THE INPUT:
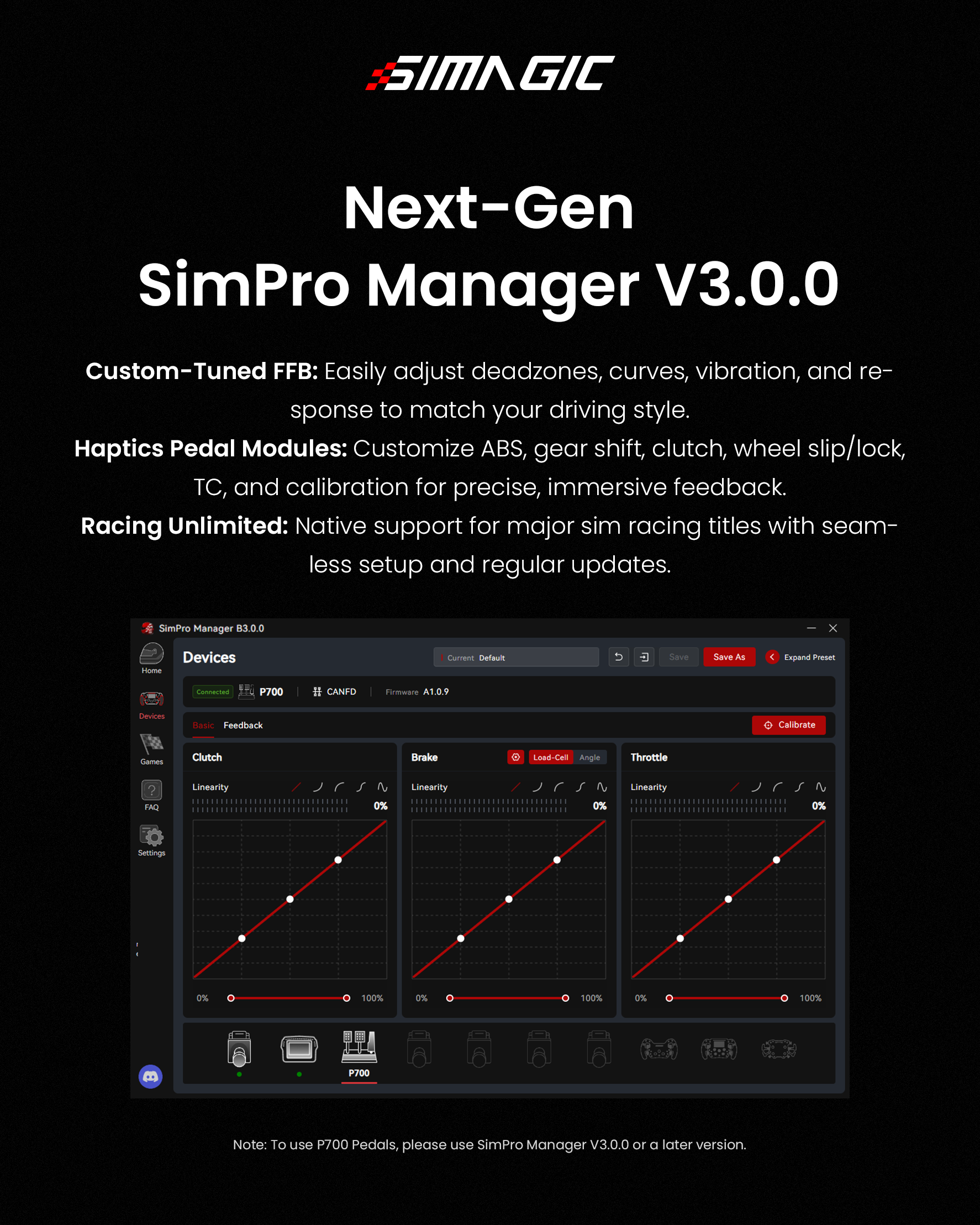 On nous annonce aussi sa compatibilité avec les modules haptiques P-HPR (en option), permettant d’ajouter des effets comme l’ABS, le traction control, la perte d’adhérence, par exemple… Aussi, avec le logiciel SimPro Manager V3.0.0, on peut régler le P700 : ses courbes de réponse, ses zones mortes, l’intensité de ses vibrations, et d’autres effets liés à la télémétrie…
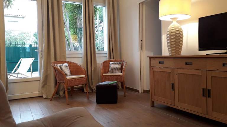 Die VILLA DU GOLFE T3 en bord de plage ist eine Ferienwohnung, die direkt am Strand liegt und einen Gartenblick bietet. Die Unterkunft verfügt über einen kostenlosen Privatparkplatz und bietet WLAN-Zugang.
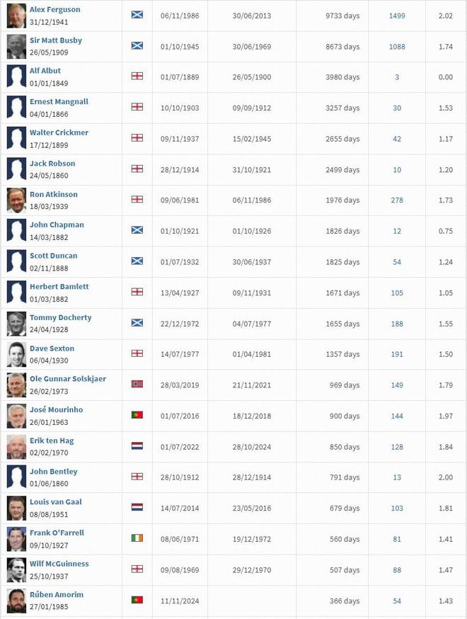 北京时间11月12日,阿莫里姆成为第20位在曼联任职超过一周年的主帅,此前他执教曼联已经一年多了。在曼联历史上,在执教超过一年的主教练中,弗格森以9733天的执教天数排名第一,巴斯比紧随其后,位居第二。单届执教曼联一年的教练排名: 1.弗格森,执教9,733天(时期:1986-2013) 2.巴斯比,执教8,673天(时期:1945-1969) 3.阿尔巴特,执教3,980天(时期:1889-1900) 4.曼格纳尔, 3257 1903-1912 5. Creamer 2655 天 1937-1945 6. Jack Robson 2499 天 1914-1921 7. Ron Atkinson 1976 天 1981-1986 8. John Chapman 任教 1826 天 (1921-1926) 9. Scott Duncan 任教1825 天(1932-1937) 10. 邦姆莱特执教 1671 天(1927-1931) 11. 汤米·多切蒂(Tommy Docherty)执教 1655 天 12. 塞克斯顿,担任教练 1,357 天(1977-1981) 13. 索尔斯克亚,担任教练 969 天(2019-2021) 14。穆里尼奥,担任教练 900 天(2016-2018) 15. 海格十队,担任教练 850 天(2022-2024) 16. 本特利执教 791 天(1912-1914) 17. 范加尔执教 679 天(2014-2016) 18. 奥法雷尔执教 560 天(1971-1972) 19. 麦吉尼斯任教 507 天(任期:1969-1970) 20. 阿莫林任教 366 天(任期:2024 年至今)(注:任期长度不包括主教练的其他短期任期。(仅算作从任命到任期结束的一个完整任期)[仅在 MIG 上查看英超联赛]
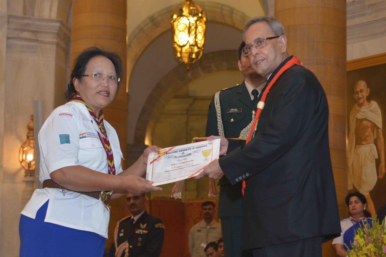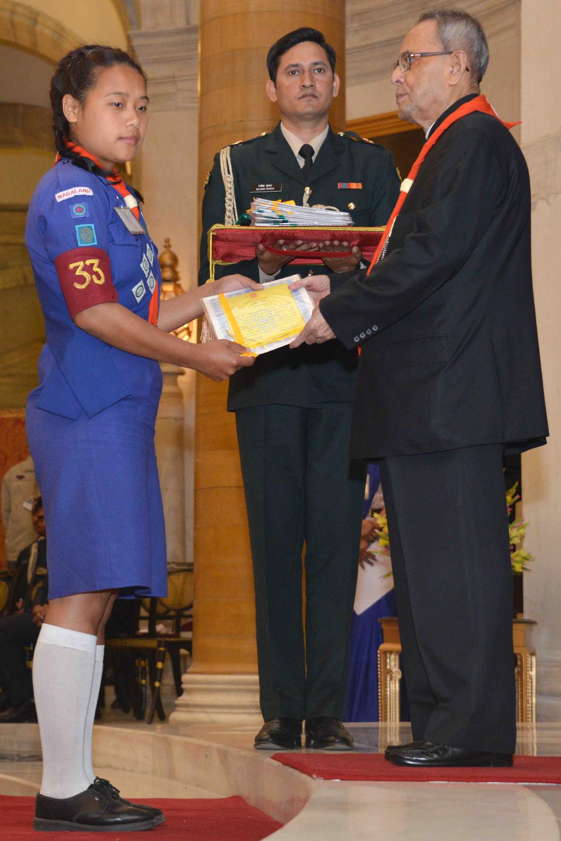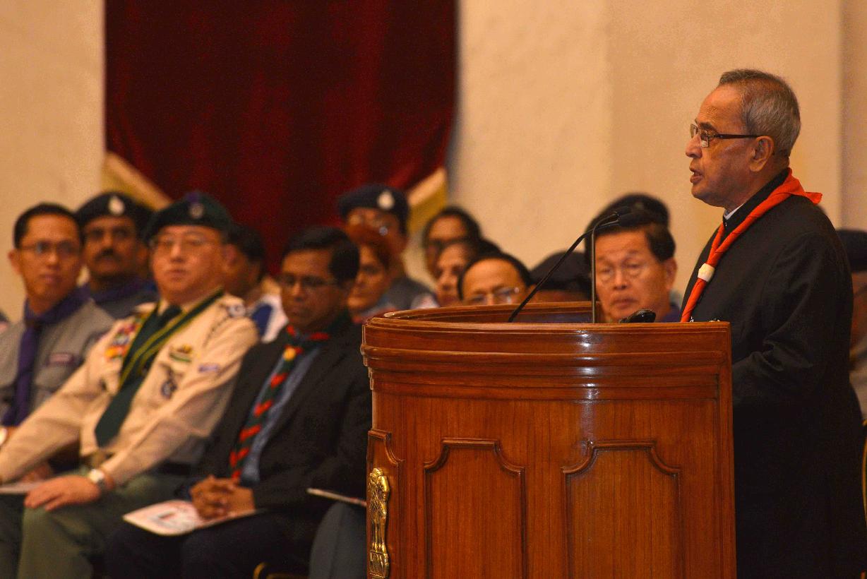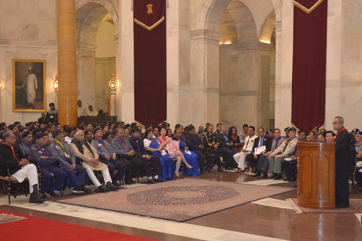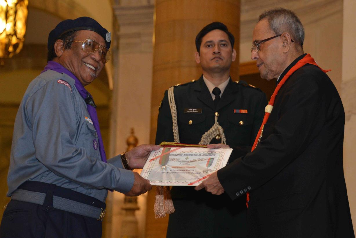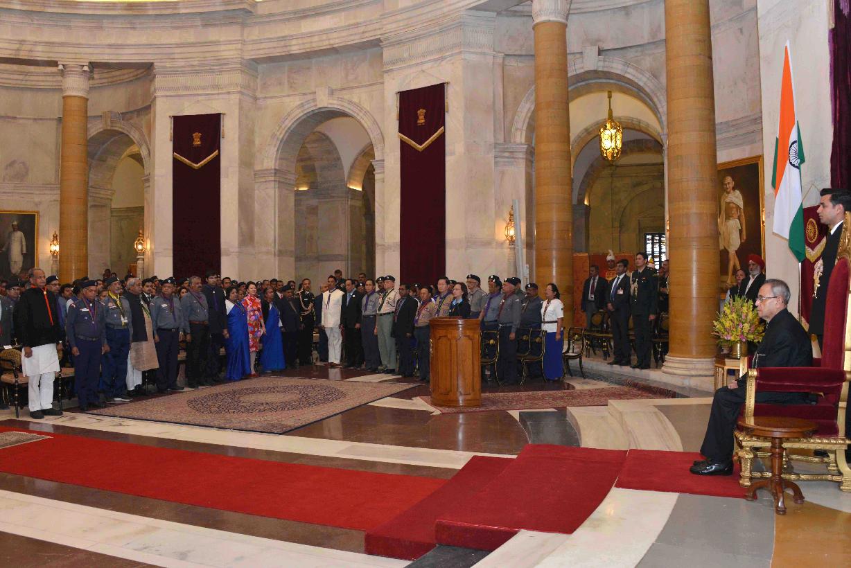 | Caption: | The President of India, Shri Pranab Mukherjee, presenting the Rashtrapati Scouts and Guides Awards Certificates for the year 2013, at Rashtrapati Bhavan, in New Delhi on Feb 16, 2015. |
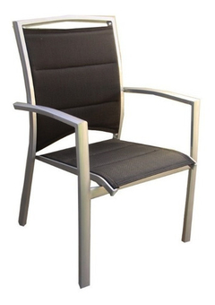 Sillón de aluminio con tela textilene acolchada.
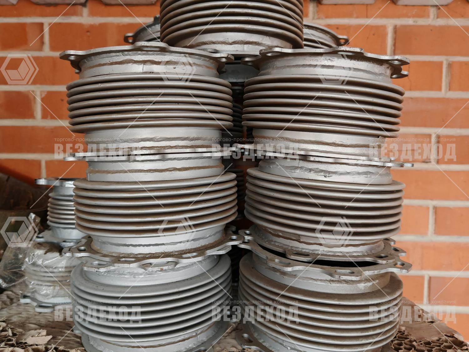 10.04.030 - Сильфон большой (6 отверстий) представляет собой муфту, обеспечивающую виброизоляцию. Элемент выполнен в форме полого металлического цилиндра, внутри которого в равной степени расположены углубления для крепления. На наружной поверхности цилиндра имеется 6 отверстий, размещённых на выступающих элементах в верхней и нижней части.
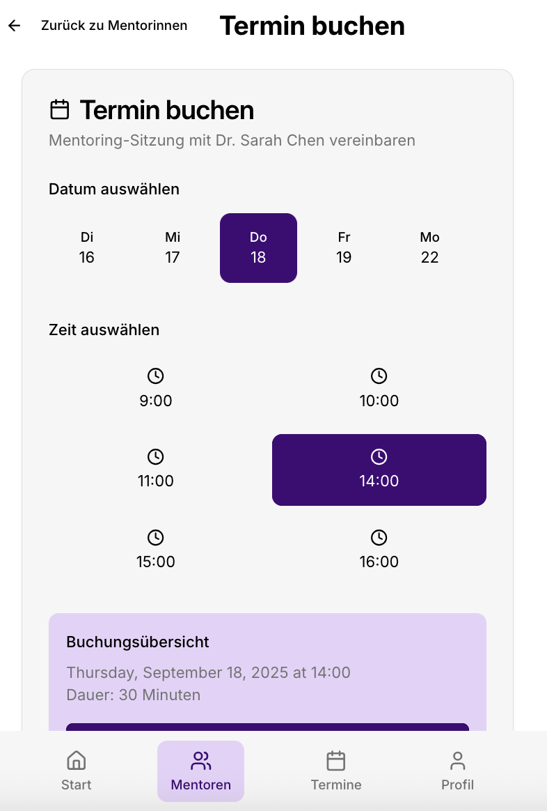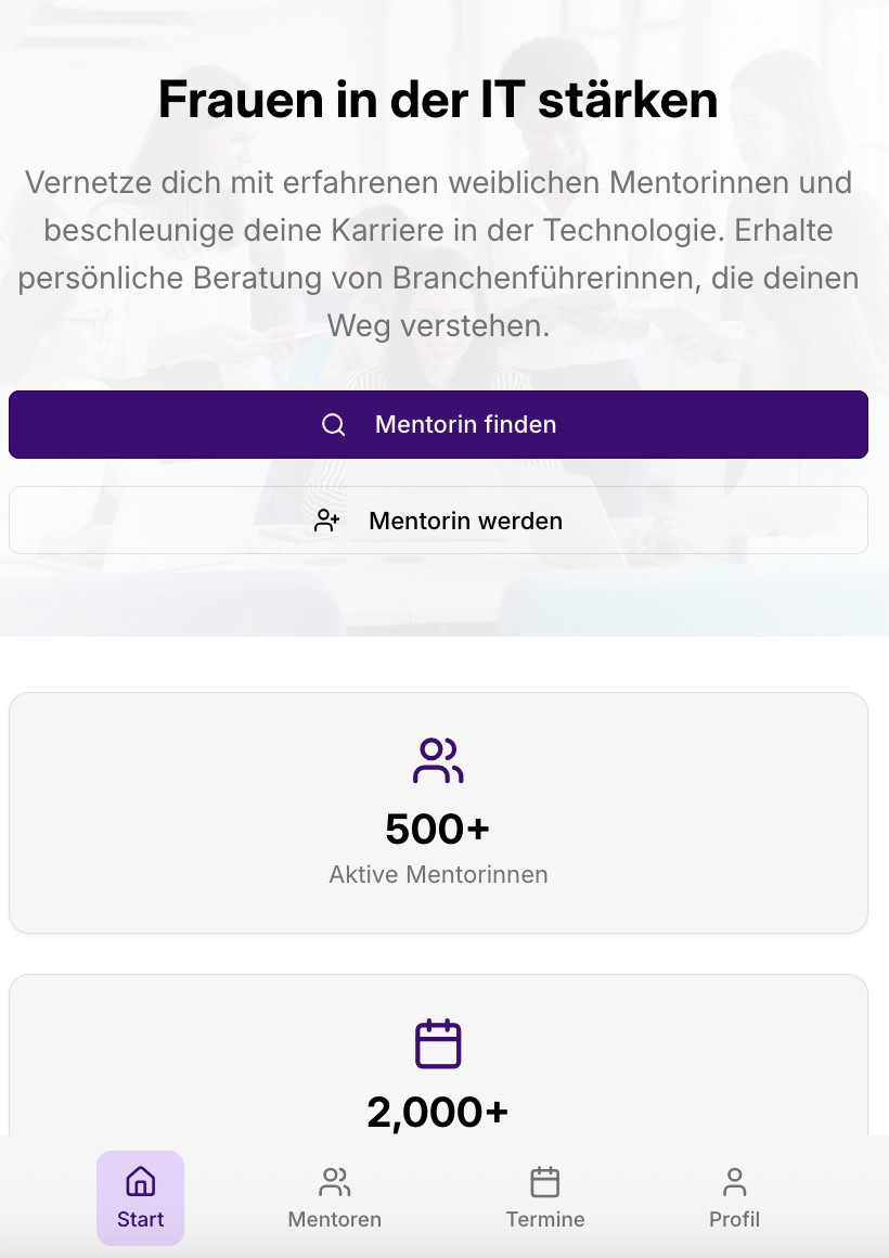 Für mein Vibe-Coding-Experiment habe ich mir das Grundkonzept von MentorHero geschnappt – ein UX/UI-Designprojekt aus meiner Weiterbildung zum UX-Designer. Ziel war keine 1:1-Übersetzung des bestehenden Designs, sondern die Kernidee technisch zum Leben zu erwecken: eine mobile-first Web-App, die junge Frauen mit Mentorinnen aus der IT verbindet, inklusive Terminbuchungsfunktion.

WHAT YOU NEED TO DO: Repeat the data exactly. No pictures should appear.

FINISHED TASK:
 On nous annonce aussi sa compatibilité avec les modules haptiques P-HPR (en option), permettant d’ajouter des effets comme l’ABS, le traction control, la perte d’adhérence, par exemple… Aussi, avec le logiciel SimPro Manager V3.0.0, on peut régler le P700 : ses courbes de réponse, ses zones mortes, l’intensité de ses vibrations, et d’autres effets liés à la télémétrie…
 Die VILLA DU GOLFE T3 en bord de plage ist eine Ferienwohnung, die direkt am Strand liegt und einen Gartenblick bietet. Die Unterkunft verfügt über einen kostenlosen Privatparkplatz und bietet WLAN-Zugang.
 北京时间11月12日,阿莫里姆成为第20位在曼联任职超过一周年的主帅,此前他执教曼联已经一年多了。在曼联历史上,在执教超过一年的主教练中,弗格森以9733天的执教天数排名第一,巴斯比紧随其后,位居第二。单届执教曼联一年的教练排名: 1.弗格森,执教9,733天(时期:1986-2013) 2.巴斯比,执教8,673天(时期:1945-1969) 3.阿尔巴特,执教3,980天(时期:1889-1900) 4.曼格纳尔, 3257 1903-1912 5. Creamer 2655 天 1937-1945 6. Jack Robson 2499 天 1914-1921 7. Ron Atkinson 1976 天 1981-1986 8. John Chapman 任教 1826 天 (1921-1926) 9. Scott Duncan 任教1825 天(1932-1937) 10. 邦姆莱特执教 1671 天(1927-1931) 11. 汤米·多切蒂(Tommy Docherty)执教 1655 天 12. 塞克斯顿,担任教练 1,357 天(1977-1981) 13. 索尔斯克亚,担任教练 969 天(2019-2021) 14。穆里尼奥,担任教练 900 天(2016-2018) 15. 海格十队,担任教练 850 天(2022-2024) 16. 本特利执教 791 天(1912-1914) 17. 范加尔执教 679 天(2014-2016) 18. 奥法雷尔执教 560 天(1971-1972) 19. 麦吉尼斯任教 507 天(任期:1969-1970) 20. 阿莫林任教 366 天(任期:2024 年至今)(注:任期长度不包括主教练的其他短期任期。(仅算作从任命到任期结束的一个完整任期)[仅在 MIG 上查看英超联赛]
 | Caption: | The President of India, Shri Pranab Mukherjee, presenting the Rashtrapati Scouts and Guides Awards Certificates for the year 2013, at Rashtrapati Bhavan, in New Delhi on Feb 16, 2015. |
 Sillón de aluminio con tela textilene acolchada.
 10.04.030 - Сильфон большой (6 отверстий) представляет собой муфту, обеспечивающую виброизоляцию. Элемент выполнен в форме полого металлического цилиндра, внутри которого в равной степени расположены углубления для крепления. На наружной поверхности цилиндра имеется 6 отверстий, размещённых на выступающих элементах в верхней и нижней части.
 Für mein Vibe-Coding-Experiment habe ich mir das Grundkonzept von MentorHero geschnappt – ein UX/UI-Designprojekt aus meiner Weiterbildung zum UX-Designer. Ziel war keine 1:1-Übersetzung des bestehenden Designs, sondern die Kernidee technisch zum Leben zu erwecken: eine mobile-first Web-App, die junge Frauen mit Mentorinnen aus der IT verbindet, inklusive Terminbuchungsfunktion.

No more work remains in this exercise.